Шах и мат - Георгий Олежанский
Шрифт:
Интервал:
Закладка:
— Как это? — переспросил Доментьев.
— Упрощенная схема. Чуть ли не единственный начальник в системе, кому на это дали официальное директорское добро.
— О как! — удивился Максим.
Антонов пожал плечами:
— Так говорят. Ну, а тут, помимо всего этого, еще и перипетии личной жизни — только сам черт не очерствеет.
Заметив на лице друга неподдельное удивление, смешанное с интересом, Костик добавил:
— Я, конечно, сам не знаю всего, но, говорят, он на таджикской границе попал в серьезную передрягу, еще жена ушла после развала Союза. Короче, жизнь потрепала мужика, и с семьей тоже не вышло.
— Понятно, — протянул Максим, — но, собственно, планов это не меняет. Эдик, по выявленному сигналу есть что-нибудь конкретное?
Эдик призадумался.
— Ну, как я уже и сказал, создается ощущение, что этот сигнал появляется неспроста, — наконец произнес он. — Возможно, они хотят, чтобы его засекли, — передают какую-то информацию.
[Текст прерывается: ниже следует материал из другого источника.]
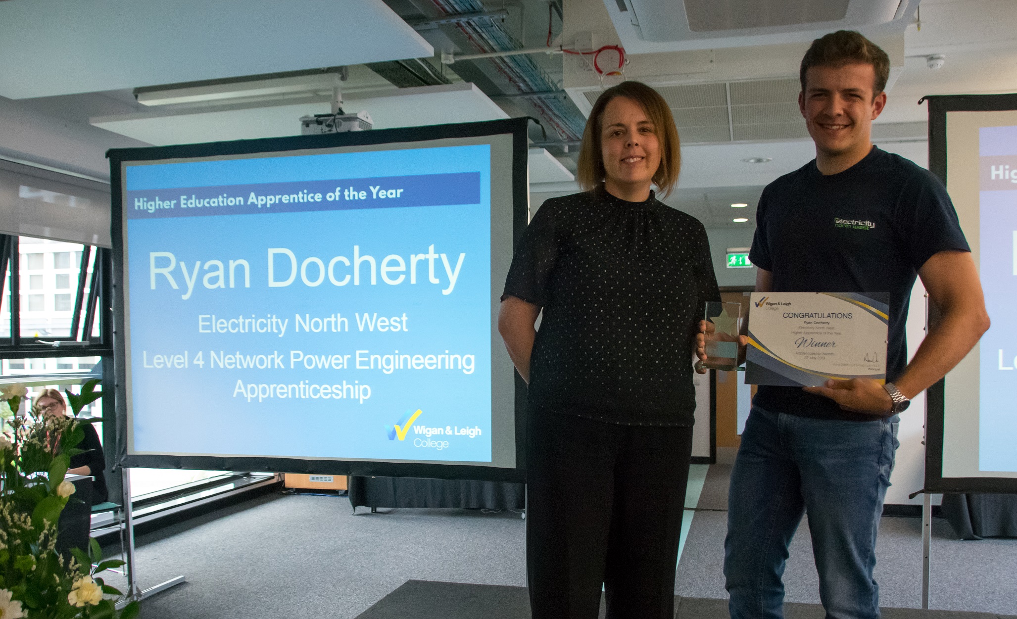 Not only that, Ryan Docherty fought off thousands of fellow apprentices to scoop the Higher Level Apprentice of the Year award. Electricity North West’s Ellie Chandler also made the shortlist for the award.

А это вызывает определенные вопросы.
— Есть идеи?
— Мы тут покумекали между собой: думаем, это миниатюрный спутниковый передатчик, похожий на тот, что мы в свое время нашли в камне у англичан. Но если английский передавал исключительно на мобильные телефоны, то этот заточен конкретно на спутник. Да, — воскликнул Эдик, хлопнув ладонью себе по лбу, — чуть не забыл еще один момент: устройство, похоже, функционирует как активная базовая станция для всех видов мобильной и сотовой связи, работающая со всеми телефонами в радиусе 20–30 километров, и, скорее всего, принимает все виды радиоизлучений.
— Да ну! — удивился Костя.
— Представь себе, — повернувшись в сторону Кости, произнес Эдик, — когда мы пеленгуем работу устройства и включаем режим перехвата его сигнала, то параллельно с этим к нам сыпятся информационные идентификаторы мобильных телефонов, спутниковых устройств и станций связи, раций и подобных гаджетов.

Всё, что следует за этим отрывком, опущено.